The crazy god shook his head. The blade pressed harder. Vercillo felt a sharp stab of pain, then a line of blood began to trickle down his neck.

“He’ll kill me,” he murmured.

He’ll kill you?” It was impossible to guess what kind of face lay behind the mask. A determined one. Vercillo didn’t doubt that.

He threw up his hands and pointed to the edge of the desk. The sword went down a fraction. Vercillo hooked a finger into the drawer handle and gently pulled. With the slicing edge never more than a couple of centimetres from his throat, he gingerly drew out a set of keys.

“I need to get up,” he said, his voice cracking a little with the strain.

The mask nodded.

Beniamino Vercillo walked towards the wall of the office furthest away from the street. His hands trembling, the accountant turned the key in the security door of the safe then fumbled his way through the numbers on the lock. After a couple of attempts it swung open. He reached inside and withdrew something. The two of them returned to the table. Vercillo opened the large cardboard document box and stood back.

The crazy god’s leather fingers dipped into the file and took out the pile of papers there. He threw them on the desk, not saying a word, anger leaking out invisibly from behind the static grin. These were just numbers. Numbers and numbers. Unintelligible.
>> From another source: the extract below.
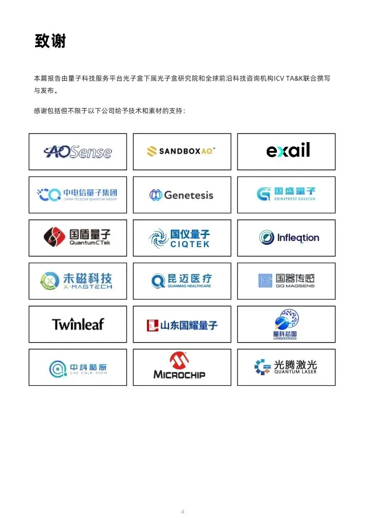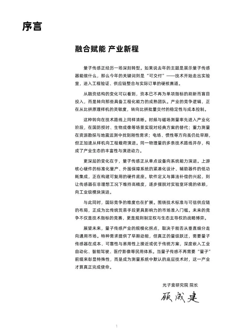 这份报告是光子盒研究院对全球量子传感产业在2025-2026年关键节点的一次系统性、全景式扫描。其核心价值在于,它不仅梳理了各细分技术路线的进展,更深刻地揭示了产业正在经历的一场从“原理验证”到“工程交付”、从“比拼参数”到“构建系统”的范式转型,并为未来十年的发展趋势提供了清晰的预测框架。报告开篇序言即点明了当前产业发展的核心特征——“转型”。具体体现在四个维度:1. 发展阶段转型:从“展示能做什么”(技术可行性)转向“可交付”技术(工程可用性),进入工程验证、供应链整合与获取实际订单的“硬核赛道”。2. 竞争逻辑转型:资本与竞争焦点从比拼原理样机的极限灵敏度,转向比拼批量交付的稳定性、成本控制与工程化能力。3. 产品形态转型:从依赖实验室环境的单点精密设备,向具备系统能力、软件定义、环境自适应的工业级模块演进。上游硬件的标准化量产是此转型的基石。4. 竞争维度转型:国际竞争从单纯的技术指标竞赛,扩展到围绕技术标准、可信供应链和生态主导权的战略博弈。报告第一章勾勒了2025年产业的整体图景,呈现出一个多层次、差异化演进的生态系统。 ◦ 成长期:时频测量(原子钟)和磁场测量(量子磁力计)已率先实现商业化,在国防、科研、生物医疗领域实现对经典方案的替代。 ◦ 起步期:重力测量(重力仪)在资源勘探、地震监测中找到刚性需求,电场测量等正从样机向工程原型跨越。 ◦ 萌芽期:惯性、应力应变、温度等测量方向,性能优势尚未完全显现,处于早期研发阶段。 ◦ 核心洞察:产业遵循渐进式发展规律,成熟技术拓展应用边界,新兴技术储备未来动能。 ◦ 全球产业规模预计从2025年的18.8亿美元增长至2035年的50.7亿美元(CAGR 10.42%),进入稳步增长通道。 ◦ 当前增长主要依靠军事国防等高价值特种需求驱动(占下游应用近50%),民用市场渗透率低。报告明确指出,产业实现量级跃迁的关键,在于能否成功向大规模通用市场(工业自动化、智能驾驶等)跨越。 ◦ 2025年全球融资额大幅收缩(同比下降55.2%),但单笔融资强度向具备工程化交付能力的头部企业高度集中(如Infleqtion单轮1亿美元融资占全年62%)。 ◦ 这标志着资本逻辑从“为梦想买单”转向“为交付能力买单”,行业进入以工程可靠性、成本控制和商业价值验证为核心的“产业化攻坚期”。三、 技术链深度剖析:上游决定下限,系统集成决定上限报告用大量篇幅(第二至六章)系统剖析了从上游核心组件到下游应用的全产业链。1. 上游核心组件:硬件标准化是产业化的前提。报告指出,激光器、原子气室、探测器等核心硬件的性能直接决定了传感器的精度上限与工程可行性。当前趋势是制造工艺从手工制备转向晶圆级MEMS批量生产,外围保障系统(低温、真空、磁屏蔽)则向紧凑化、低功耗、高集成演进,以支撑传感器走出实验室,适配车载、船载等动态平台。 ◦ 磁场测量:SERF原子磁力计和NV色心磁力计是两大明星方向。SERF凭借常温、可穿戴优势,正在推动脑磁图(MEG)医疗设备进入“无液氦”时代(中国企业如未磁科技、昆迈医疗已获医疗器械注册证)。NV色心则凭借纳米级空间分辨率和固态集成潜力,在半导体检测、微观磁成像领域前景广阔。 ◦ 时频测量:原子钟是商业化最成熟的领域。微波原子钟(铷、铯钟)是市场主力;光钟在实验室不断刷新精度极限(如NIST单离子光钟不确定度达5.5×10⁻¹⁹),为未来下一代导航和基础物理研究储备技术;核钟(如钍-229)研究从理论走向工程验证,代表更长远的技术方向。 ◦ 重力测量:冷原子干涉重力仪是绝对重力测量的革命性工具,具备长期零漂移、无需校准的优势。已在野外监测、海上导航验证中展现价值(如Q-CTRL海上实验)。其当前挑战在于成本、体积和在动态环境中的稳定性。 ◦ 其他物理量:电场测量(里德堡原子传感)、惯性测量(量子陀螺仪/加速度计)、位移/相位测量(量子雷达)等方向仍处于工程化早期,但增速预期高,是未来产业扩张的潜力领域。3. 软件与算法的关键作用:报告单独设立章节强调,AI与量子控制算法正成为提升传感器环境鲁棒性的核心。通过实时噪声抑制、动态补偿和“软件定义”架构,算法能让传感器在非理想工况下维持高精度,降低对极致硬件和环境控制的依赖,这是工程化落地的关键赋能因素。报告第七章明确指出,量子领域的国际协作表现出明显的阵营化协同。• 西方阵营:以美国为主导,通过《科技繁荣协议》(与英、日、韩)、G7《量子技术未来共同愿景》等,构建排他性的技术同盟与可信供应链体系,并将技术领先与国防安全深度捆绑。• 中国体系:通过持续投入和举国体制,培育出全球领军企业,形成了与西方并行的技术体系和产业生态。• 核心洞察:全球量子竞争已演变为一场关于科技与工业标准、生产能力及供应链控制权的全面对抗。未来的市场准入,将越来越受地缘政治规则和技术标准互认的影响。报告最后章节提出了五大产业展望,实质上也指出了未来发展的关键路径与挑战:1. 驱动逻辑转变:从“技术推动”转向“需求牵引”,特别是国防、基础设施等领域的政府采购和首批订单,将成为企业跨越“死亡谷”、积累工程能力的关键。2. 软件定义与智能制造:性能提升更多依赖算法补偿;制造模式需从实验室定制转向标准化、模块化的工业化生产,以降低成

Vercillo quivered, frightened, and wished to God he’d taken an office on the ground floor, with a window out onto the street. Not this stupid, cramped cave where anything could go on unseen by the busy world outside.

“Code,” the god said simply, pointing at the lines of letters on the pages in front of them.

He tried to think straight. He tried to imagine the consequences. It was impossible. There was only one consequence which mattered.

“If I tell you—?”

The lunatic head stared at him, no emotion in its features, nothing human there at all.

“If I tell you… I can go?”

He could run. Vercillo had some private money in places no one could ever find. He could go somewhere Neri’s wrath would never find him. Australia maybe. Or Thailand, where the girls were young, and no one asked any questions. He looked around the drab little office, thought of his drab old clothes. Maybe this was fate doing him a favour. All his life he’d spent in the service of the fat hood, pretending to be something he wasn’t. Lying, cheating, telling himself it was OK all along because, whatever Neri did to earn his money, none of the blood sat on his own fingers. He’d lied to himself there. Neri touched him. Always. It was one reason he started messing with girls. Neri offered him the chance, introduced him to that world. It was one way of keeping him in line.

The idea of retirement, of putting distance between him and this bleak existence built on nothing more than numbers, was suddenly appealing.

Besides, a stray thought wondered, what’s the alternative? You’re an accountant. Not a foot soldier.

“You can go,” the crazy god said, and again Vercillo found himself trying to place the accent, trying to imagine the human face behind it: young, undoubtedly, but not rough, not like Neri’s henchmen.

Vercillo picked up the phone. The crazy god briefly raised the sword, forgetting, it seemed to Vercillo, that he’d already cut the cord. The omission cheered the little accountant. There was something human behind the mask after all.

“It’s OK,” Vercillo explained. “This is it. Watch.”

He set a page—a stream of unintelligible letters—next to the phone. “It’s simple. The person it refers to is identified by his phone number. Everything that comes after is a number too. What’s owed. What the interest rate is. What’s been paid.”

It felt stupidly exhilarating. In twenty-five years he’d never had this conversation with anyone.